27 Aug More Latino Heritage Initiative Research
Hi Friends! This week I have another Latino Heritage Initiative research example to share with you. It’s the Bernal Family Home in Fullerton, California. The Bernal Family Home is significant for its key role in the Orange County Superior Court case Doss v. Bernal (1943) that set legal precedence as the first successful claim that restrictive housing covenants violated the Fifth and Fourteenth Amendments. Alex Bernal was the California-born son of Mexican immigrants, and his wife Esther was born in Mexico. The Bernal family was sued in 1943 by their white neighbors upon purchasing the home located at 200 E Ash Avenue in Fullerton. In the Orange County Superior Court case Doss v. Bernal (1943) the Bernal’s neighbor claimed that restrictive race covenants applicable to the property were violated. The 1923 covenant read, “no portion of the said property shall at any time be used, leased, owned, or occupied by any Mexicans or persons other than of the Caucasian race.” The Bernal’s attorney, David Marcus, argued that race restrictive covenants violated the Fifth and Fourteenth Amendments. The judge’s ruling in favor of Bernal marked the first successful use of the Fifth and Fourteenth Amendments in a housing restriction case. This ruling helped pave the way for Shelley v. Kraemer (1948), the landmark U.S. Supreme Court case that overturned race restrictive covenants. That same year, a Los Angeles Superior Court judge dismissed a suit to enforce a race restrictive covenant against Nellie Garcia, a Mexican American woman who had purchased property near El Monte. In the case of A.T. Collison and R.L. Wood v. Nellie Garcia et.al. (1943), the judge claimed there was no such thing as a “Mexican race,” therefore the covenant was invalid. Though many scholars suggest these covenants were used less frequently against ethnic Mexicans, because of their vague classification as white, there are examples where they were used against Mexicans like in the Bernal case. The Bernal Family Home is a tangible connection to the restrictive selling practices that took place prior to the Civil Rights movement as well as the discrimination faced by many Mexican American families at the time. Although the Bernals kept the house after the court ruling, the family did not live in the home. Esther, Mr. Bernal’s wife, died of cancer and the family never moved in to their home on E Ash Avenue. Instead, the home was rented out until the Bernals sold it in 1965.[1]

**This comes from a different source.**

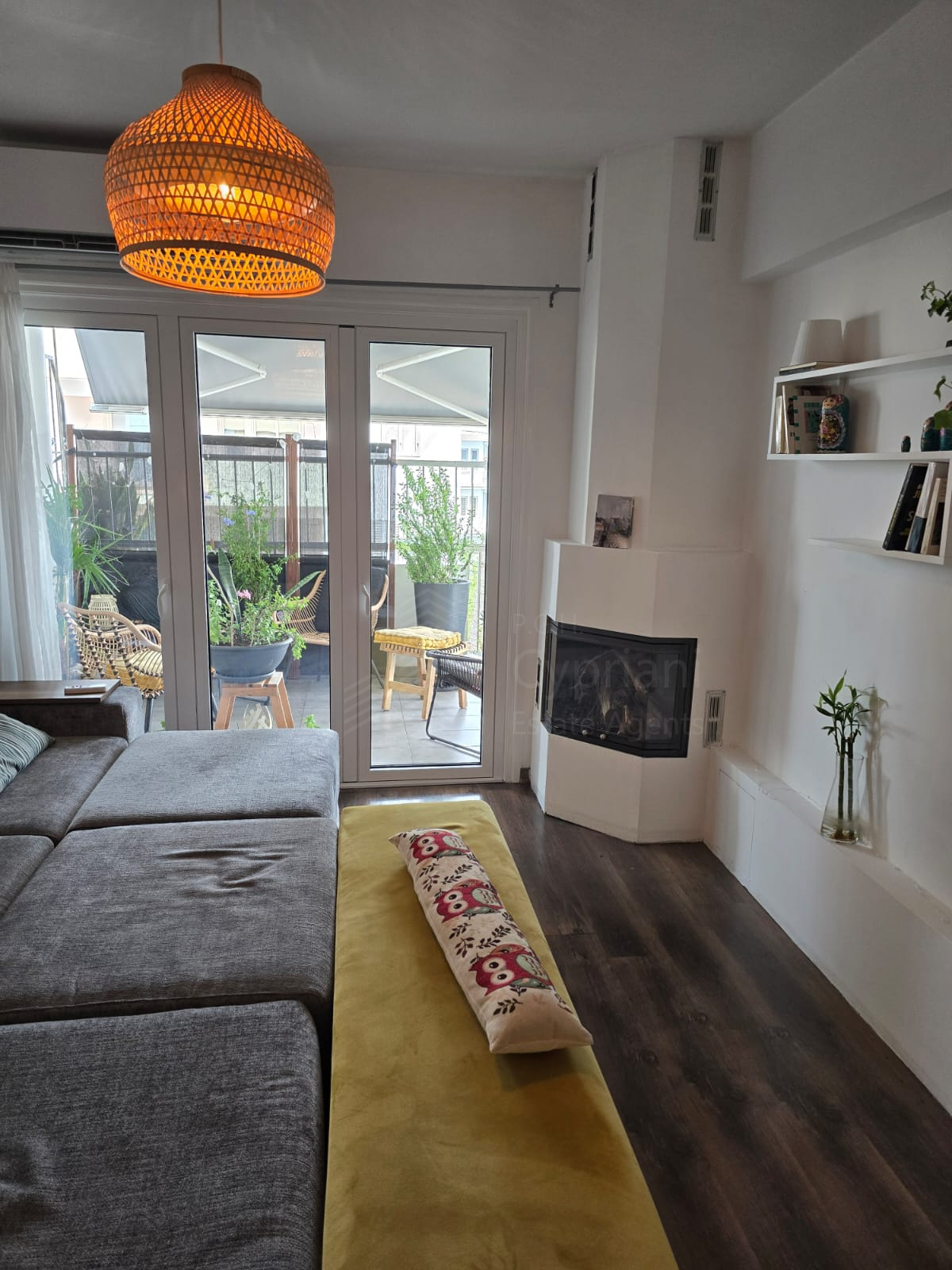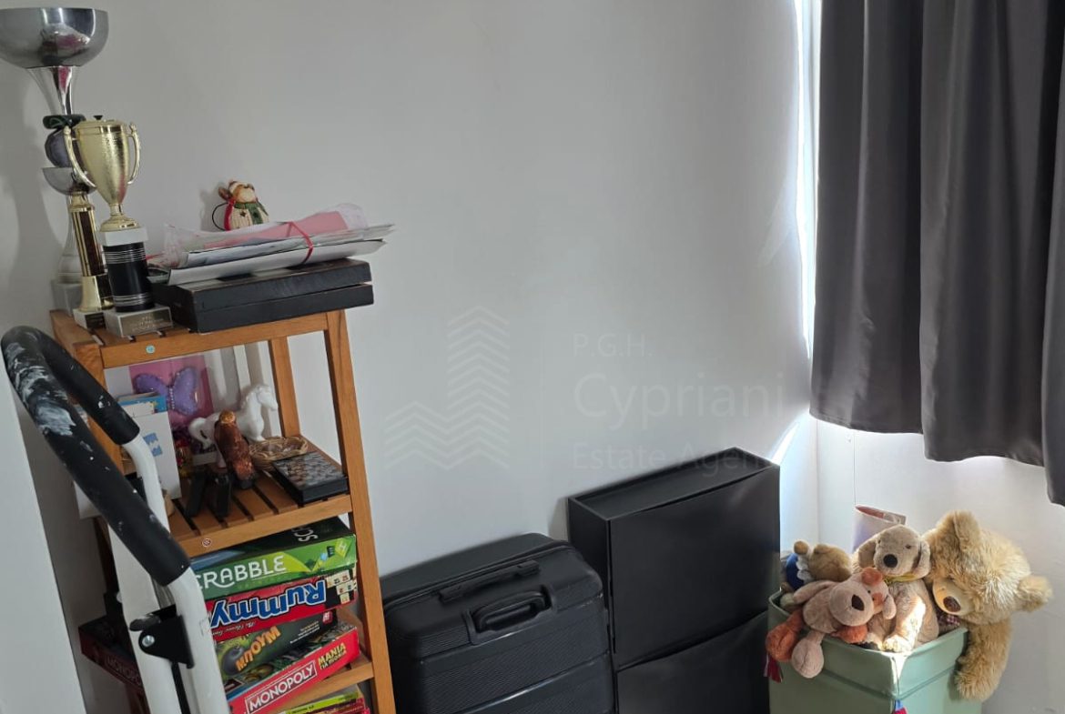 A three-bedroom apartment for sale in Agios Antonios, in a great location. The apartment has an area of 102 sqm + 24 sqm verandas and it is set on the 4th floor. It features two bathrooms, a storage room and a covered parking space. Other features of the property include appliances, air conditioning and a solar water heater. The apartment was constructed in 1997 and it has a title deed.

Preliminary research on the house suggests that the house retains high integrity for designation. Do you think the fact that the Bernals never occupied the home lessens the significance and/or integrity of the resource? If so, one may suggest the designation of the courtroom where the court case was decided. However, I would argue that the residence has the highest potential of conveying its significance because of its location in a community among other similar single-family residences. What do you think? [1] Gustavo Arellano, “Mi Casa Es Mi Casa,” OC Weekly, May 6, 2010, http://www.ocweekly.com/content/printVersion/699430/. California Office of Historic Preservation, Latinos in Twentieth Century California: National Register of Historic Places Context Statement, (California State Parks, 2015), 107-108.